In particular, in the case of turmeric (root or dry extract) compared to BIOCURCUMIN (a nanoemulsified curcumin formulation) I would like to highlight the great difference and effectiveness based on the specific context.
Turmeric, both in its natural root form and as a full-spectrum dry extract, can be a valid alternative when aiming to obtain an indirect systemic effect, acting through the modulation of the microbiota and the related formation of anti-inflammatory substances, therefore as a prevention-oriented choice.
On the other hand, when the objective requires a more targeted and acute approach, biocurcumin, a molecular form much more bioavailable and a longer half-life thanks to its nanoemulsions, may be the most suitable choice. Especially when greater safety is desired with respect to possible drug-nutraceutical interactions on cytochromes P450.
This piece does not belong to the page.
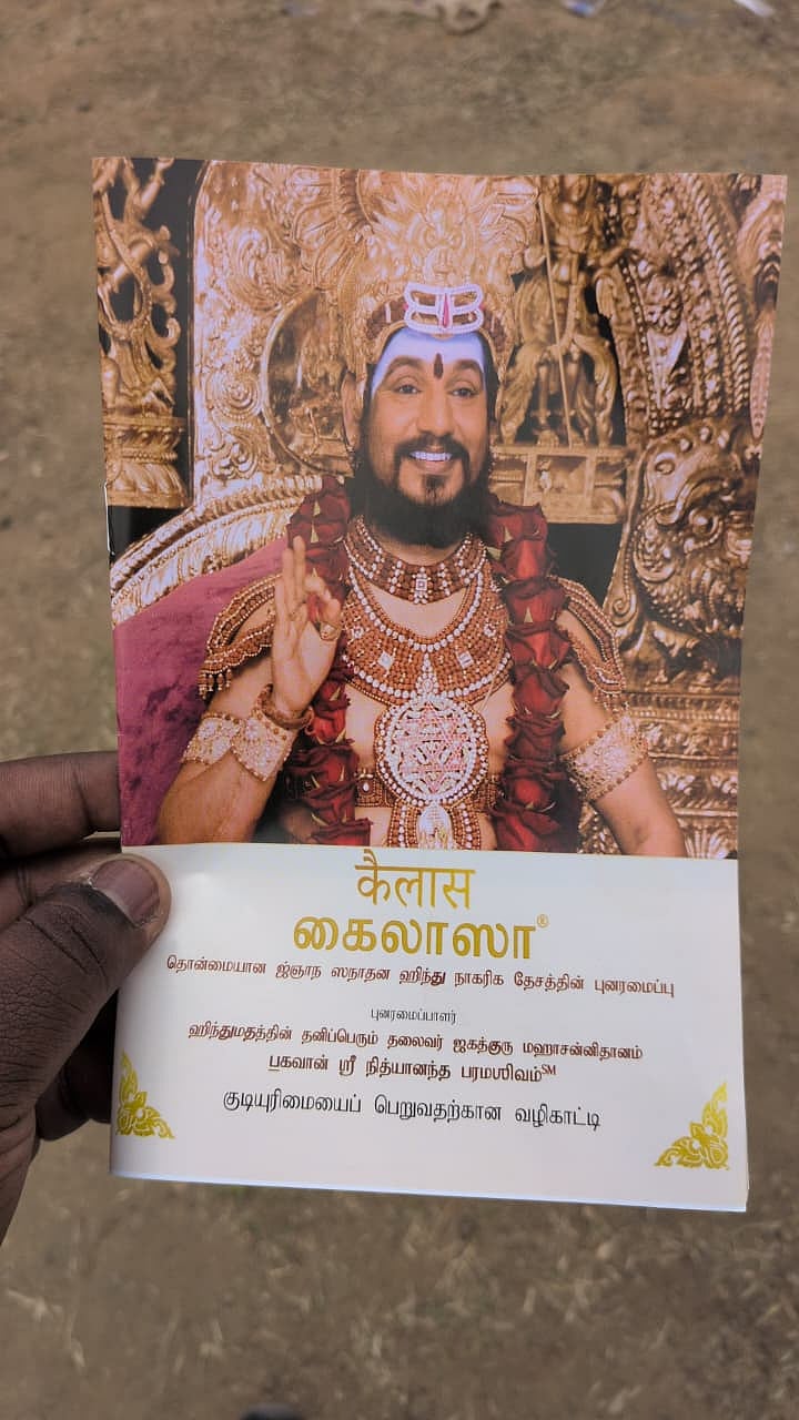 NDA பொதுக்கூட்டத்தில் நித்தியானந்தாவின் சீடர்கள் கைலாசாவுக்கு செல்வதற்கான வழிகாட்டு நெறிமுறைகள் அடங்கிய புத்தகத்தை விநியோகித்து வருகின்றனர்.

In this article, we would like to focus on the effectiveness of various forms of turmeric or its active ingredient called curcumin, in diabetes mellitus.
Meta-analysis summary
Diabetes mellitus (DM) comprises a number of metabolic conditions that have reached epidemic proportions worldwide. The complexity of the disease, influenced by multiple factors, makes patient management, including the need for long-term drug therapy and lifestyle modifications, a considerable challenge. In recent times, there is growing evidence suggesting the effectiveness of using plant or herbal supplements for the prevention and control of DM.
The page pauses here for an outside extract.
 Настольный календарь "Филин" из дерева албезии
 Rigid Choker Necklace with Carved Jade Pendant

Curcumin is a bioactive compound extracted from Curcuma longa and is known for its multiple physiological and pharmacological properties, including antioxidant, anti-inflammatory, anticancer, neuroprotective, and antidiabetic activities. Therefore, we will analyze a systematic review of the effects of Curcuma longa and curcumin on diabetes mellitus. The search was conducted using databases such as PUBMED and EMBASE, and finally, sixteen studies were selected that met the inclusion criteria.
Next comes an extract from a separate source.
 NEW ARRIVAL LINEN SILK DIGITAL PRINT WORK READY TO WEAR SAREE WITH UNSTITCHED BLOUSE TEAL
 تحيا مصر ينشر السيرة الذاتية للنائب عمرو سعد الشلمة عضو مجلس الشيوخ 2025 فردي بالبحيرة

The results revealed that the antidiabetic efficacy of curcumin could be derived from its ability to reduce oxidative stress and the inflammatory process. In addition, curcumin was found to significantly reduce fasting blood glucose, glycated hemoglobin, and body mass index. In addition, the use of nanocurcumin was associated with a significant decrease in the levels of triglycerides, VLDL cholesterol, total cholesterol, LDL cholesterol, HDL, serum C-reactive protein, and plasma malonaldehyde .
Consequently, curcumin could be considered as an integral part of the therapeutic approach for patients with diabetes mellitus.
1. Introduction
The International Diabetes Federation has reported a significant increase in the prevalence of diabetes mellitus (DM), which includes both type 1 (T1DM) and type 2 (T2DM), from 151 million to 463 million cases in adults aged 20 to 79 years since 2000. T2DM is the most common form of diabetes, characterized by high blood glucose levels due to problems with the body's insulin management. This chronic hyperglycemia can lead to an increase in advanced glycation end products (AGEs), resulting in proinflammatory effects and oxidative stress.
2. Role of inflammation
The exact causes of inflammation in T2DM are not yet fully understood, but it appears to contribute to the development of the disease and insulin resistance, which is worsened by hyperglycemia. Epidemiological studies have found a correlation between inflammatory biomarkers and the onset of T2DM and its complications.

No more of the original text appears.